### Exercise goal
Copy out the data below from the line containing "Yes, it’s called" to the line containing "TLAXCALA, Tlax., 9", both lines included, with all images left out.

### Material to process

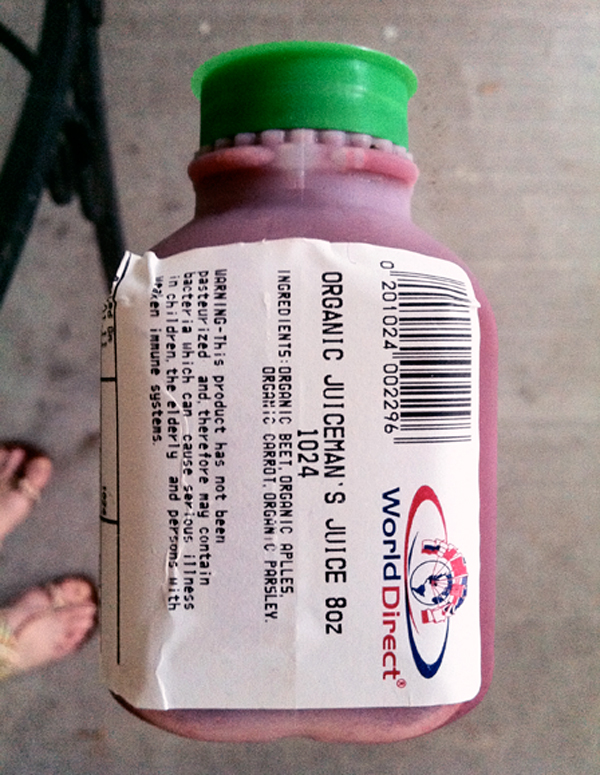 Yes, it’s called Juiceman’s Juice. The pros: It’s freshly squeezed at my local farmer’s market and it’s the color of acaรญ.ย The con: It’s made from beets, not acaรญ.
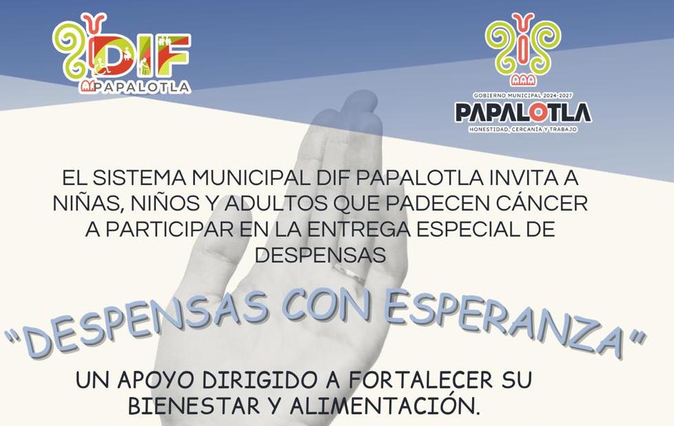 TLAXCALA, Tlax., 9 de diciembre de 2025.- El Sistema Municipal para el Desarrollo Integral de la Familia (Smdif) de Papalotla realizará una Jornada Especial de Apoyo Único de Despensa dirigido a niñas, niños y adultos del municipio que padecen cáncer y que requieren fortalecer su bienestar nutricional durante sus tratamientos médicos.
==
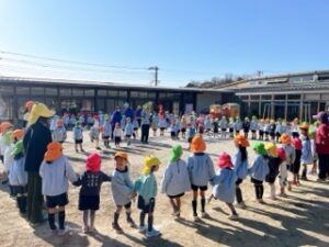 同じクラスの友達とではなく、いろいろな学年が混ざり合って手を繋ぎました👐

### Answer to this problem
 Yes, it’s called Juiceman’s Juice. The pros: It’s freshly squeezed at my local farmer’s market and it’s the color of acaรญ.ย The con: It’s made from beets, not acaรญ.
 TLAXCALA, Tlax., 9 de diciembre de 2025.- El Sistema Municipal para el Desarrollo Integral de la Familia (Smdif) de Papalotla realizará una Jornada Especial de Apoyo Único de Despensa dirigido a niñas, niños y adultos del municipio que padecen cáncer y que requieren fortalecer su bienestar nutricional durante sus tratamientos médicos.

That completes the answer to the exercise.